Psychologists have long argued that our ever-present mobile phones may change our personalities in various ways, but a new study done at the RMIT University in Australia has found that the way we handle our phones may, reveal some personality traits that are already there.
Speaking about the study, computer scientist Flora Salim said, “Activity like how quickly or how far we walk, or when we pick up our phones up during the night, often follows patterns and these patterns say a lot about our personality type.”
Researchers based the assumptions from their study on a psychological construct called the Big Five personality traits. According to the standards set out with the Big Five – considered the prevalent way to determine personality – people exhibit five traits, which are then used to form a picture of what their personality looks like.

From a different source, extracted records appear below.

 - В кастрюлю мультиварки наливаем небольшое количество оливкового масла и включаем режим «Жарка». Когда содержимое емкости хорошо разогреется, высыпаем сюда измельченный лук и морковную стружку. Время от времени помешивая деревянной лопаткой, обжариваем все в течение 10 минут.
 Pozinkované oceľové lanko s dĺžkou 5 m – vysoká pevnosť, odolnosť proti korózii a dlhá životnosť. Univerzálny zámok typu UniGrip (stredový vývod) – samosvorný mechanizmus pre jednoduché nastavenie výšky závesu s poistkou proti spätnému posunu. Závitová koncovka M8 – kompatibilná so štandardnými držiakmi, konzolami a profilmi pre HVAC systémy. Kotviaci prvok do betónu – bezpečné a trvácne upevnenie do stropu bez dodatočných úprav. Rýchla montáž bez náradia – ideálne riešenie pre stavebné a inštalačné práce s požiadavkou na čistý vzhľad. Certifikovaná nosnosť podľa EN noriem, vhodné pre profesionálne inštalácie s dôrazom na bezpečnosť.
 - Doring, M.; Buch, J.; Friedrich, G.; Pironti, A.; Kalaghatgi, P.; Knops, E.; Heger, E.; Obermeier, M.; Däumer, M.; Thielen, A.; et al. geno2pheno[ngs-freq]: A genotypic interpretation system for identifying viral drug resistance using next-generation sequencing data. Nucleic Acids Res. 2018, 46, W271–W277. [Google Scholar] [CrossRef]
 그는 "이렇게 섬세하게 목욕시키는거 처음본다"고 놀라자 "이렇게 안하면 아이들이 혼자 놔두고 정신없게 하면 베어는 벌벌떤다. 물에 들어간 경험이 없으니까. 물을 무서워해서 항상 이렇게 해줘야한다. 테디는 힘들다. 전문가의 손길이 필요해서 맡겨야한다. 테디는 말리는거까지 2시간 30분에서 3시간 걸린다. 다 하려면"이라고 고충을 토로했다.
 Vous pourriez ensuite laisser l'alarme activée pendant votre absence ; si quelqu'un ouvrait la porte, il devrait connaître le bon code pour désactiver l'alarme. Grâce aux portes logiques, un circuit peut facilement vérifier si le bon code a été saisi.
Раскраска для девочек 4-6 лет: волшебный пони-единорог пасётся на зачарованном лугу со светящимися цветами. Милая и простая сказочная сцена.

These five traits are extraversion (outgoing vs. reserved), openness (curious vs. cautious), neuroticism (confidence vs. nervous), agreeableness (compassionate vs. detached) and conscientiousness (organised vs. easy-going).
Between March 2010 and July 2011, the 52 participants that took part in the study were given phones with sensing and collection hardware installed, providing researchers with accelerometer data (to monitor when and how the phone was moving), as well as providing information as to how many calls and messages were made and received, together with the time of day they were made or received.

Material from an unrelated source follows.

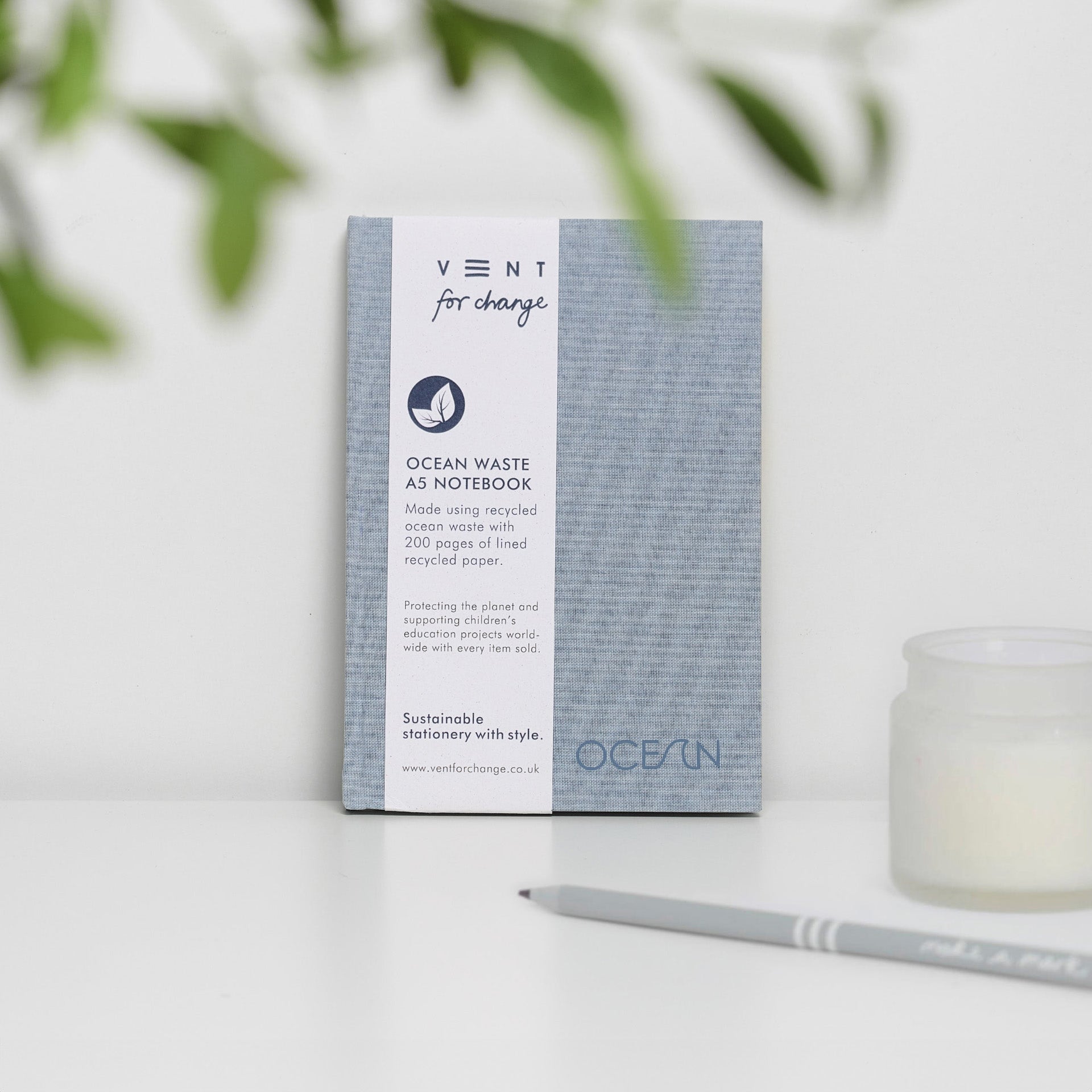 Proceeds from this notebook made from recycled Ocean plastic Waste A5 in Sea Blue go towards the VENT For Change Ambassador for Change Programme. Providing free pencils for schools and communities around the world.

Using this data, researchers were able to accurately predict the neuroticism, conscientiousness, and extraversion of participants.

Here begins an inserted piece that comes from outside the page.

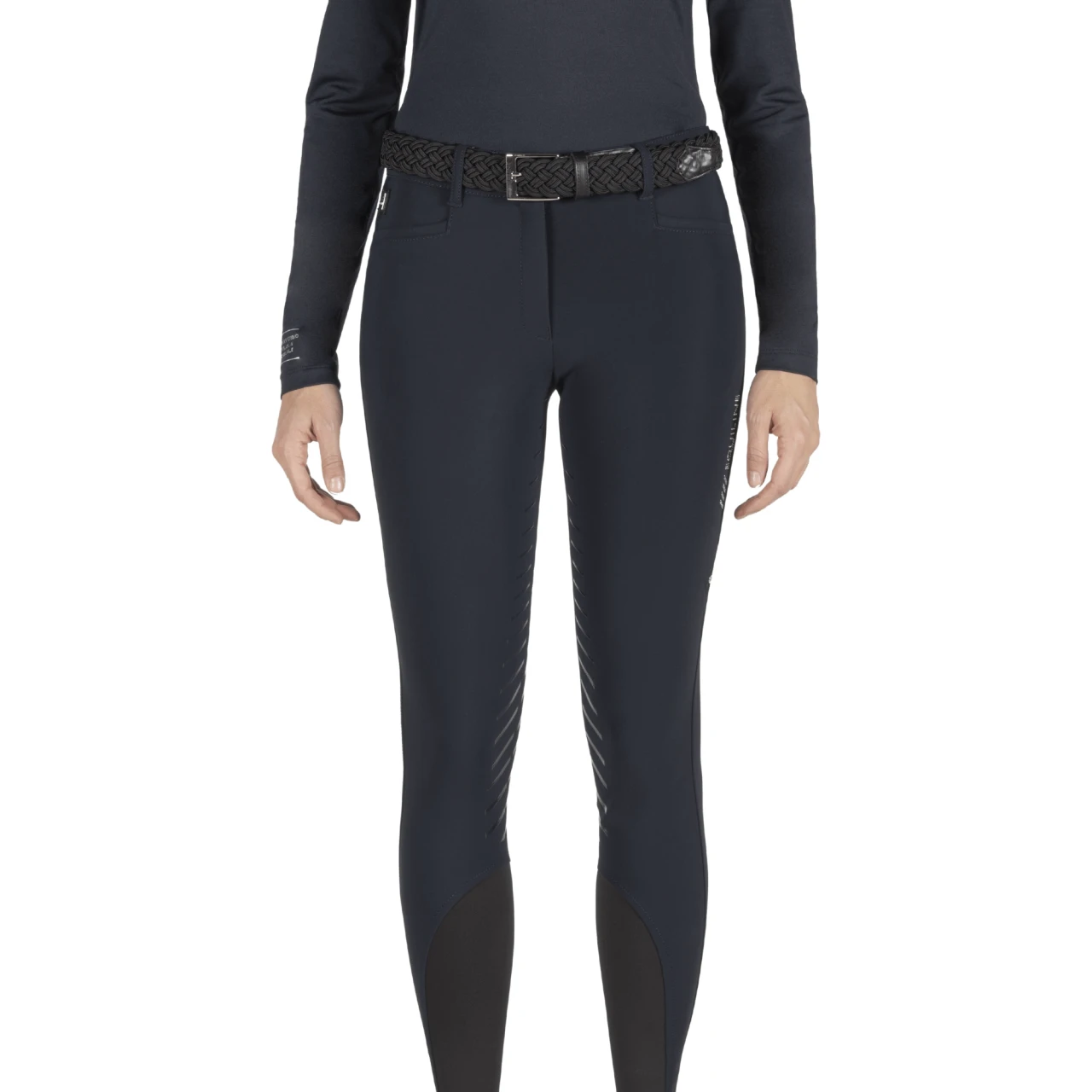 - convenient stretch fastening system on the bottom legs for an ideal fit and silver Equiline logo in micro-studs on the leg

In addition to the data researchers gathered from the mobile phones participants used, people that took part in the study also scored their own personalities on a Big Five Survey.
Researchers were able to relate certain aspects of phone use to a list of features that determined personality traits. For example, the number of calls a person makes might predict agreeableness, while physical activity on weekend nights might predict extraversion.
This study sees the first time that traditional mobile phone activity is combined with accelerometer data, and although the sample size is perhaps a bit small to make proper conclusions, it is considered a pilot study to see how mobile data can be used in this way.